The mechanical construction should offer assistance in leg movements in the forward direction and in keeping lateral balance. Within the LOPES project, it has been decided to realize this by connecting the limbs of the patient to an exoskeleton so that robot and patient move in parallel. Most gait rehabilitation robots that are currently being developed [1, 2] focus on the support of the entire gait cycle as a single unit. These robots use joint trajectories of the entire gait cycle and offer a uniform (more or less) stiff control along this trajectory. This means that the patient receives support in gait phases where support is necessary but also in phases where support isn’t necessary. Studies have been done on an exoskeleton [3] that propose adaptive control methods which minimize the interaction forces with the patient with respect to an adaptable reference pattern, but these still control the entire gait cycle. Studies have also shown that walking with the Lokomat requires significantly less energy than normal walking [4]. LOPES aims to support and not take over those tasks that the patient is unable to perform without help using an impedance control scheme. This will lead to a more active participation from the patient’s side. The tradeoff for more active walking will likely be a smaller overall distance during therapy sessions. The implication of selective function support is that the robot will have two extreme modes in which it should be able to function, these are:

  • Patient in charge: The goal of the robot is to minimize the interaction forces between the patient and the robot in order for the patient to walk freely without feeling the robot. This mode will be active mostly for the non-paretic side of the patient and during those phases of the walking cycle that the robot does not need to assist.
  • Robot in charge: The goal of this mode is to take control of the patient. The robot will take over the functions which the patient is unable to perform. The robot will most likely operate somewhere between these extremes offering some support at those phases when it is needed to guide the patient towards desirable behavior.
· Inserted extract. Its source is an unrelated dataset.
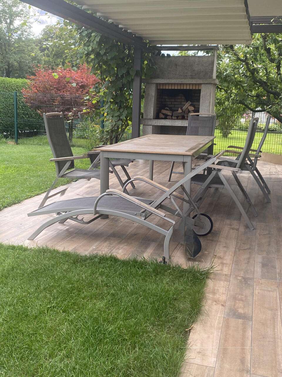 Перед домом имеется три парковочных места. Окруженный зеленью, дом предоставляет идеальные условия для семейной жизни, находясь в непосредственной близости от различных объектов инфраструктуры: школа (20 м), международная школа (1 км), автобусная остановка (напротив), детский сад (200 м), лес (200 м), и в радиусе 500 м – магазины, медицинский центр, почта и рестораны.
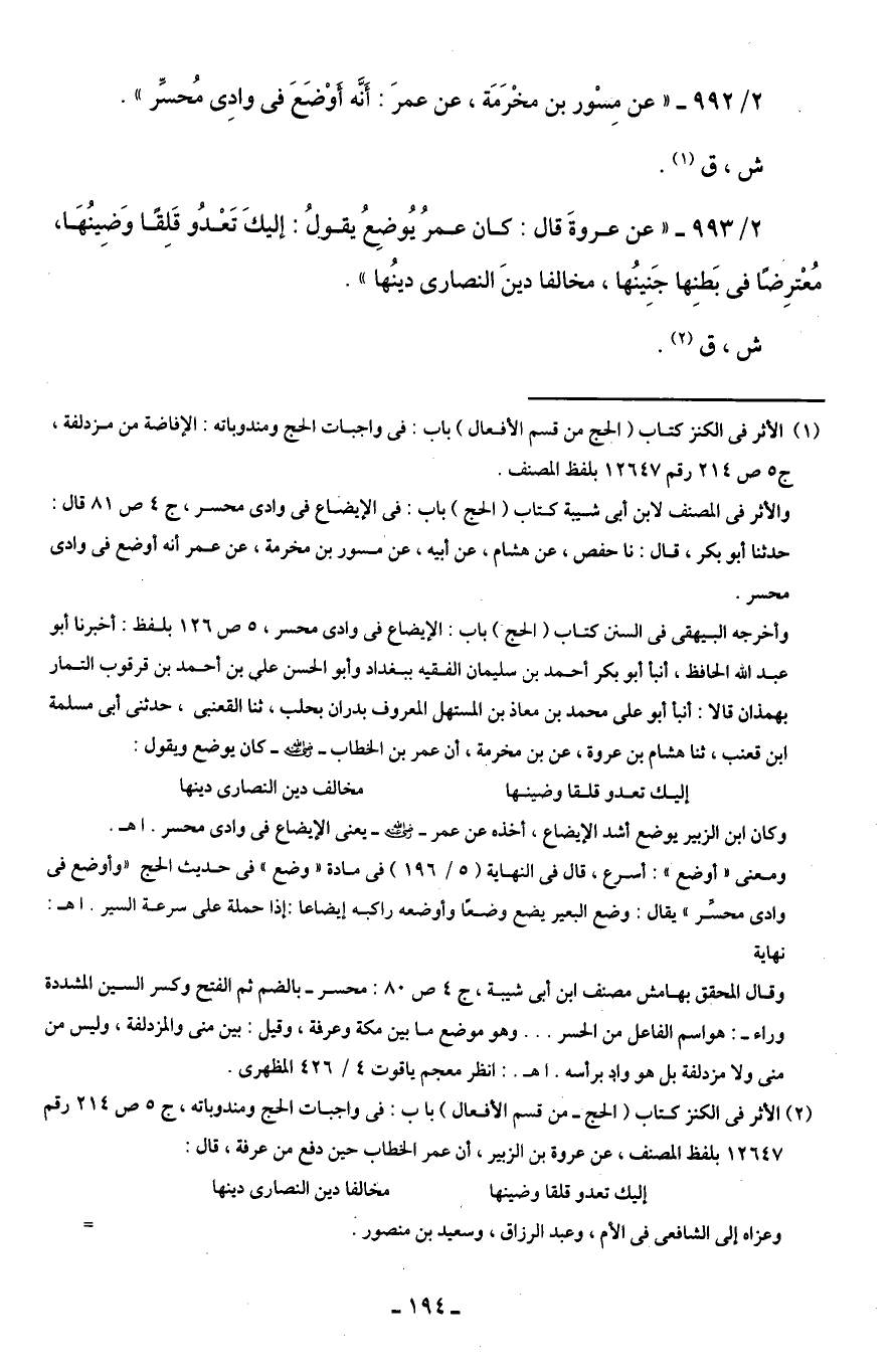 2/ 992 - "عن مِسْور بن مخْرَمَة، عن عمرَ: أَنَّه أَوْضَعَ في وادِى مُحسِّر".

Currently the first prototype has been completed. This prototype has 8 actuated DOF (series elastic actuation) following the design as in [5]. Clinical evaluations will be done in the course of 2007.

References[edit]

  • 1. Colombo, G., et al., Treadmill training of paraplegic patients using a robotic orthosis. Journal of Rehabilitation Research and Development, 2000. 37(6): p. 693-700.
  • 2. Schmidt, H., et al., Development of a robotic walking simulator for gait rehabilitation. Biomedizinische Technik, 2003. 48(10): p. 281-286.
  • 3. Jezernik, S., G. Colombo, and M. Morari, Automatic gait-pattern adaptation algorithms for rehabilitation with a 4-DOF robotic orthosis. Robotics and Automation, IEEE Transactions on, 2004. 20(3): p. 574.
  • 4. C. Krewer, F.M., B. Husemann, S. Heller, J. Quintern, E. Koenig. Energy expenditure of hemiparetic patients and healthy subjects: walking in a lokomat vs. on a treadmill. in Evidence-Based Medicine in Neurorehabilitation. 2004. Zürich.
  • 5.J. Veneman, R.E., R. Kruidhof, F.C.T. van der Helm, H. van der Kooy, Design of a Series Elastic- and Bowdencable-based actuation system for use as torque-actuator in exoskeleton-type training robots. proceedings of the Icorr 2005, 2005.